Summary
finding trial court did not err in failing to conduct a proper Nelson inquiry "because appellant neither made an unequivocal request to discharge the court appointed counsel, nor stated that incompetency was the basis for his unhappiness with counsel"
Summary of this case from Tramontano v. StateOpinion
Case No. 4D97-2666
Opinion filed September 20, 2000 July Term 2000
Appeal from the Circuit Court for the Nineteenth Judicial Circuit, St. Lucie County; Larry Schack, Judge; L.T. Case No. 96-2589CF.
Richard L. Jorandby, Public Defender, and Anthony Calvello, Assistant Public Defender, West Palm Beach, for appellant.
Robert A. Butterworth, Attorney General, Tallahassee, and Ettie Feistmann, Assistant Attorney General, West Palm Beach, for appellee.
ON REMAND FROM THE SUPREME COURT
We affirm appellant's conviction and sentence, finding that the trial court did not err in failing to conduct a proper Nelson inquiry because appellant neither made an unequivocal request to discharge the court appointed counsel, nor stated that incompetency was the basis for his unhappiness with counsel. See Woody v. State, 698 So.2d 391, 391 (Fla. 4th DCA 1997). Moreover, appellant proceeded to trial with his counsel and made no attempt to dismiss him or request self-representation. See Davis v. State, 703 So.2d 1055, 1058-59 (Fla. 1997), cert. denied, 524 U.S. 930 (1998). Finally, his claim that the trial court erred in failing to advise him of his right of self-representation after it had found that his appointed counsel was rendering effective representation is without merit, as the supreme court has found no such obligation on the part of the trial court. See Watts v. State, 593 So.2d 198, 203 (Fla. 1992).
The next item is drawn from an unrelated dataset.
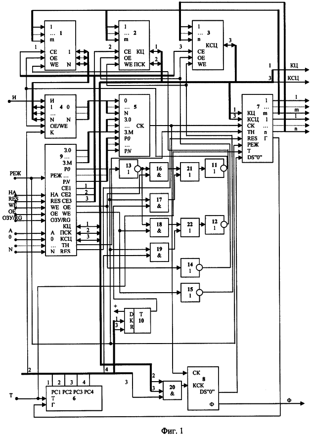 Устройство для цикловой синхронизации (фиг.1) содержит первое оперативное запоминающее устройство (ОЗУ) 1, второе ОЗУ 2, третье ОЗУ 3, регистр запоминания (РЗ) 4, дешифратор 5, распределитель 6, генераторное оборудование (ГО) 7, фазирующее устройство (ФУ) 8,устройство настройки и диагностики (УНД) 9, триггер 10, с первого по пятый инверторы 11, 12, 13, 14, 15, с первого по пятый элементы И 16, 17, 18, 19, 20, первый и второй элементы ИЛИ 21, 22, причем тактовый вход (вход Т) устройства для цикловой синхронизации (ЦС) соединен с соответствующими входами распределителя 6 и ГО 7, адресные выходы 1, …, m и 1, …, n которого являются соответствующими адресными выходами устройства для ЦС, адресные выходы 1, …, m ГО 7 также соединены с соответствующими адресными входами первого ОЗУ 1, входы/выходы 1, …, N которого соединены с соответствующими входами/выходами РЗ 4, информационный вход (вход И) которого является информационным входом устройства для ЦС, а выходы (выходы 0, …, N) соединены с соответствующими входами дешифратора 5, выход (выход СК) которого соединен с соответствующими входами ГО 7 и ФУ 8, выход нулевого состояния (выход DS”0″) которого соединен с соответствующим входом ГО 7, а выход наличия синхронизации (выход Ф) является выходом наличия синхронизации устройства для ЦС, выход (выход Г) генератора импульсов ГО 7 соединен с соответствующим входом распределителя 6, первый выход (выход РС1) и третий выход (выход РС3) которого соединены соответственно с тактовым входом (вход К) и входом установки в ноль (вход R) триггера 10, а второй выход (выход РС2) – с тактовым входом (вход К) РЗ 4, вход чтения/записи (вход OE/WE) которого соединен с выходом первого инвертора 11, информационный вход (вход D) триггера 10 соединен с шиной питания, выходы первого 11 и второго 12 инверторов соединены соответственно с входами чтения (вход ОЕ) и записи (вход WE) первого ОЗУ 1, адресные входы 1, …, m второго ОЗУ 2 соединены с соответствующими выходами ГО 7, адресные выходы 1, …, n которого соединены с соответствующими входами третьего ОЗУ 3, входы выбора (входы СЕ) первого 1, второго 2 и третьего 3 ОЗУ соединены с соответствующими выходами УНД 9, выходы 3.0, …, З.М и PO, …, PN которого соединены с соответствующими входами дешифратора 5, входы чтения (входы ОЕ) второго 2 и третьего ОЗУ 3 соединены между собой и с выходом четвертого инвертора 14, входы записи (входы WE) второго 2 и третьего 3 ОЗУ соединены между собой и с выходом пятого инвертора 15, входы/выходы позиции конца цикла (вход/выход КЦ) и позиции синхрокомбинации в цикле (вход/выход ПСК) второго ОЗУ 2 соединены с соответствующими входами/выходами УНД 9, вход/выход позиции конца сверхцикла (вход/выход КСЦ) которого соединен с соответствующим входом/выходом третьего ОЗУ 3, вход/выход позиции конца цикла второго ОЗУ 2 соединен также с соответствующими входом ГО 7 и выходом устройства для ЦС, вход/выход позиции синхрокомбинации в цикле второго ОЗУ 2 соединен также с первым входом пятого элемента И 20, вход/выход позиции конца сверхцикла третьего ОЗУ 3 соединен с соответствующими выходом устройства для ЦС, входом ГО 7 и вторым входом пятого элемента И 20, третий вход которого соединен с выходом РС3 распределителя 6, четвертый выход (выход РС4) которого соединен с вторым входом четвертого элемента И 19, вход выбора режима (вход РЕЖ) устройства для ЦС соединен с соответствующими входами УНД 9 и ГО 7

Nelson v. State, 274 So.2d 256, 258-59 (Fla. 4th DCA 1973), approved by Hardwick v. State, 521 So.2d 1071, 1074-75 (Fla. 1988).
With respect to his sentence, we affirm appellant's due process challenge to section 921.001(5), Florida Statutes (1997). See Gardner v. State, 661 So.2d 1274, 1276 (Fla. 5th DCA 1995). Secondly, we affirm the length of his sentence based on Mays v. State, 717 So.2d 515 (Fla. 1998). Although the written judgment of sentence does not conform to the oral pronouncement, no motion to correct the sentence was filed. See Fla. R. Crim. P. 3.800(b). The issue is thus not preserved for appeal.
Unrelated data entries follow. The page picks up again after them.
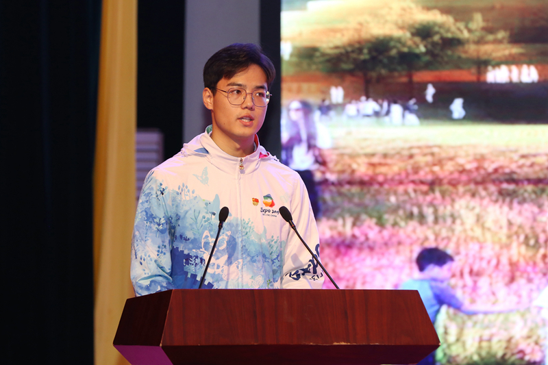 学生代表、植科学院王伟力同学发言。他参与了世园会开幕式、闭幕式、三百园及中国馆的志愿服务工作,共计61天。他说:“回望志愿服务经历,深感肩上的使命和责任。今后将坚持弘扬志愿服务精神的同时,怀揣一份乡土情,坚守一个中国梦,立支农报国之志,做勤学力行之事!”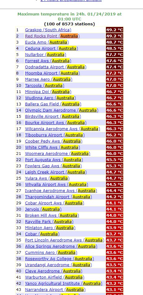 وتجتاح البلاد، موجة حر بلغت ذروتها في ولاية أستراليا الجنوبية، منذ أمس، بعدما تجاوزت درجة الحرارة في عاصمتها 47,7 درجة مئوية، بحسب الجارديان، تشهدت أستراليا موجة حر شديدة، منذ الأسبوعين الماضيين، سجلت على إثرها 5 أيام ضمن أشد 10 أيام في تاريخها، وصلت أديلايد إلى 46.6 درجة مئوية، ومن المرتقب أن تمتد هذه الموجة على مدن أستراليا الأسبوع الجاري بحسب جريدة الإندبندت.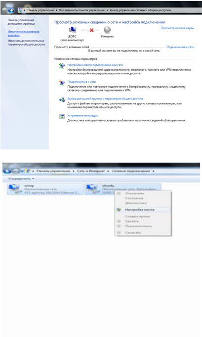 3.На экране отобразится два подключения WinХР и Ubuntu: на первом порту – WinХР, а на втором - Ubuntu. Объедините два подключения и кликните правой копкой мыши по одному из них. Нажмите «Настройка моста» (рис.3).

We reverse the sentence to include the award of six months credit for jail time orally pronounced by the trial court but not reflected in the written judgment of sentence. See Greenwood v. State, 25 Fla. L. Weekly S598 (Fla. Jul. 13, 2000); Gillen v. State, 696 So.2d 952 (Fla. 4th DCA 1997).
WARNER, C.J., DELL and KLEIN, JJ., concur.